## The problem
Your answer should consist of the lines holding "that", copied from the material below.

--- Exercise data Enclosed Below ---

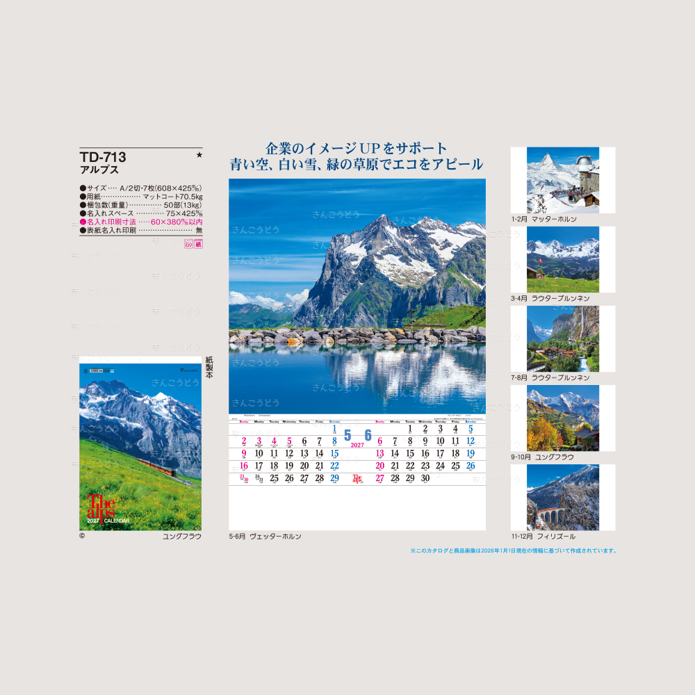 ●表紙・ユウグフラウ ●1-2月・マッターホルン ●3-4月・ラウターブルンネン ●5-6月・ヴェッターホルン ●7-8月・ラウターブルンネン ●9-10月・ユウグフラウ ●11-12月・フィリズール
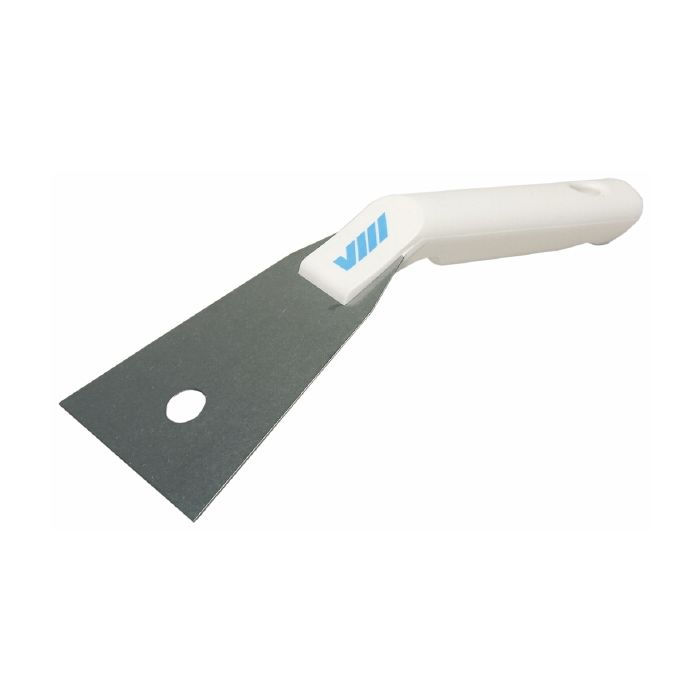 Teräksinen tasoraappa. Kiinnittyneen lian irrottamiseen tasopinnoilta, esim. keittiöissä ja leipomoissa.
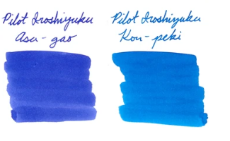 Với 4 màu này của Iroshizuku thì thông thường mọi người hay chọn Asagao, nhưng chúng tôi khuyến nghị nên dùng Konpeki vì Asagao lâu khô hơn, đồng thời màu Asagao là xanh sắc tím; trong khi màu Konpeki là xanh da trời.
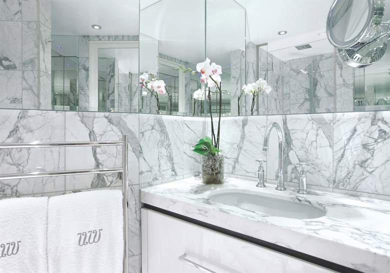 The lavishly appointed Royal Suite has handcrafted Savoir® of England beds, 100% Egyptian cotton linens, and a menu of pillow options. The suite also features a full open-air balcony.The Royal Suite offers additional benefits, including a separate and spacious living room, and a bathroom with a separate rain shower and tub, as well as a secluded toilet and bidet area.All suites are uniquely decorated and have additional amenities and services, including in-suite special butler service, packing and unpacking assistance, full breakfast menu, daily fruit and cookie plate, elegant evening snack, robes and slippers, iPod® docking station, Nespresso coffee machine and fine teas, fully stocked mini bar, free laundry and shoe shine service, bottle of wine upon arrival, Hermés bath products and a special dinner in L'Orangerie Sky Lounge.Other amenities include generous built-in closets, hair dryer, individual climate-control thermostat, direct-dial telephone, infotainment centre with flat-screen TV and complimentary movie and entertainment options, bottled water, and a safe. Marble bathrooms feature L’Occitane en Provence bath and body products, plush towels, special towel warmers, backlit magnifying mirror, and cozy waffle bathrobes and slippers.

--- End of Enclosed Exercise data ---
--- Exercise data Enclosed Below ---

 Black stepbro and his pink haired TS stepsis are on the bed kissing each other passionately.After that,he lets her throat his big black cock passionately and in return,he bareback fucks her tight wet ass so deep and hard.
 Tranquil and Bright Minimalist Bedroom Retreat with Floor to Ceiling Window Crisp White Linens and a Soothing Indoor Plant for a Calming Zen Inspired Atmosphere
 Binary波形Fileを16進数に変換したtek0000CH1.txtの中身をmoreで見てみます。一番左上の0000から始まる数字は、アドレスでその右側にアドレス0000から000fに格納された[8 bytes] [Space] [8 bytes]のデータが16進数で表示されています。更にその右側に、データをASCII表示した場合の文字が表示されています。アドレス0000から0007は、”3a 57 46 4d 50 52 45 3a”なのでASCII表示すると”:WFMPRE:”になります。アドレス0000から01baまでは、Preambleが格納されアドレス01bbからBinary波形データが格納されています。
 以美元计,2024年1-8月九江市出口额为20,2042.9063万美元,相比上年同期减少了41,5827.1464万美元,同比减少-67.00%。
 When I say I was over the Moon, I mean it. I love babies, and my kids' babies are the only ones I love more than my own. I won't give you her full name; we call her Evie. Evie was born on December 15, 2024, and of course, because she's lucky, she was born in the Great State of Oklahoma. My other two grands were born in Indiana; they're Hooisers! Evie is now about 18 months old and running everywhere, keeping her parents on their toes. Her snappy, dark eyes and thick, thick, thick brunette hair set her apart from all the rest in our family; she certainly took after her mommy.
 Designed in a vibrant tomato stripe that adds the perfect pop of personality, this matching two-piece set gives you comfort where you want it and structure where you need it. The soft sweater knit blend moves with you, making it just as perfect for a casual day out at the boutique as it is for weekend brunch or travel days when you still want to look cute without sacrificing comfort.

--- End of Enclosed Exercise data ---

## Answer below
 Black stepbro and his pink haired TS stepsis are on the bed kissing each other passionately.After that,he lets her throat his big black cock passionately and in return,he bareback fucks her tight wet ass so deep and hard.
 Designed in a vibrant tomato stripe that adds the perfect pop of personality, this matching two-piece set gives you comfort where you want it and structure where you need it. The soft sweater knit blend moves with you, making it just as perfect for a casual day out at the boutique as it is for weekend brunch or travel days when you still want to look cute without sacrificing comfort.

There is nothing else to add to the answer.